Memory issues when running Spark job on relatively large input

I am running a spark cluster with 50 machines. Each machine is a VM with 8-core, and 50GB memory (41 seems to be available to Spark).
I am running on several input folders, I estimate the size of input to be ~250GB gz compressed.
Although it seems to me that the amount and configuration of machines I am using seems to be sufficient, after about 40 minutes of run the job fail, I can see following errors in the logs:
2558733 [Result resolver thread-2] WARN org.apache.spark.scheduler.TaskSetManager - Lost task 345.0 in stage 1.0 (TID 345, hadoop-w-3.c.taboola-qa-01.internal): java.lang.OutOfMemoryError: Java heap space
java.lang.StringCoding$StringDecoder.decode(StringCoding.java:149)
java.lang.StringCoding.decode(StringCoding.java:193)
java.lang.String.<init>(String.java:416)
java.lang.String.<init>(String.java:481)
com.doit.customer.dataconverter.Phase0$3.call(Phase0.java:699)
com.doit.customer.dataconverter.Phase0$3.call(Phase0.java:660)
org.apache.spark.api.java.JavaRDDLike$$anonfun$fn$7$1.apply(JavaRDDLike.scala:164)
org.apache.spark.api.java.JavaRDDLike$$anonfun$fn$7$1.apply(JavaRDDLike.scala:164)
org.apache.spark.rdd.RDD$$anonfun$13.apply(RDD.scala:596)
org.apache.spark.rdd.RDD$$anonfun$13.apply(RDD.scala:596)
org.apache.spark.rdd.MapPartitionsRDD.compute(MapPartitionsRDD.scala:35)
org.apache.spark.rdd.RDD.computeOrReadCheckpoint(RDD.scala:262)

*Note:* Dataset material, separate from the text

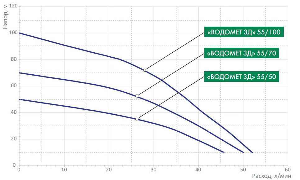 Насос ДЖИЛЕКС ВОДОМЕТ 3Д 55/70 предназначены для подачи чистой воды из скважин, колодцев, резервуаров и открытых водоемов, комплектации систем автоматизированного водоснабжения, полива и орошения.Графические характеристики насоса

org.apache.spark.rdd.RDD.iterator(RDD.scala:229)
org.apache.spark.rdd.FilteredRDD.compute(FilteredRDD.scala:34)
org.apache.spark.rdd.RDD.computeOrReadCheckpoint(RDD.scala:262)
org.apache.spark.rdd.RDD.iterator(RDD.scala:229)
org.apache.spark.scheduler.ShuffleMapTask.runTask(ShuffleMapTask.scala:68)
org.apache.spark.scheduler.ShuffleMapTask.runTask(ShuffleMapTask.scala:41)
org.apache.spark.scheduler.Task.run(Task.scala:54)
org.apache.spark.executor.Executor$TaskRunner.run(Executor.scala:177)
java.util.concurrent.ThreadPoolExecutor.runWorker(ThreadPoolExecutor.java:1145)
java.util.concurrent.ThreadPoolExecutor$Worker.run(ThreadPoolExecutor.java:615)
java.lang.Thread.run(Thread.java:745)
and also:
2653545 [Result resolver thread-2] WARN org.apache.spark.scheduler.TaskSetManager - Lost task 122.1 in stage 1.0 (TID 392, hadoop-w-22.c.taboola-qa-01.internal): java.lang.OutOfMemoryError: GC overhead limit exceeded
java.lang.StringCoding$StringDecoder.decode(StringCoding.java:149)
java.lang.StringCoding.decode(StringCoding.java:193)
java.lang.String.<init>(String.java:416)
java.lang.String.<init>(String.java:481)
com.doit.customer.dataconverter.Phase0$3.call(Phase0.java:699)
com.doit.customer.dataconverter.Phase0$3.call(Phase0.java:660)
org.apache.spark.api.java.JavaRDDLike$$anonfun$fn$7$1.apply(JavaRDDLike.scala:164)
org.apache.spark.api.java.JavaRDDLike$$anonfun$fn$7$1.apply(JavaRDDLike.scala:164)
org.apache.spark.rdd.RDD$$anonfun$13.apply(RDD.scala:596)
org.apache.spark.rdd.RDD$$anonfun$13.apply(RDD.scala:596)
org.apache.spark.rdd.MapPartitionsRDD.compute(MapPartitionsRDD.scala:35)
org.apache.spark.rdd.RDD.computeOrReadCheckpoint(RDD.scala:262)
org.apache.spark.rdd.RDD.iterator(RDD.scala:229)
org.apache.spark.rdd.FilteredRDD.compute(FilteredRDD.scala:34)
org.apache.spark.rdd.RDD.computeOrReadCheckpoint(RDD.scala:262)
org.apache.spark.rdd.RDD.iterator(RDD.scala:229)
org.apache.spark.scheduler.ShuffleMapTask.runTask(ShuffleMapTask.scala:68)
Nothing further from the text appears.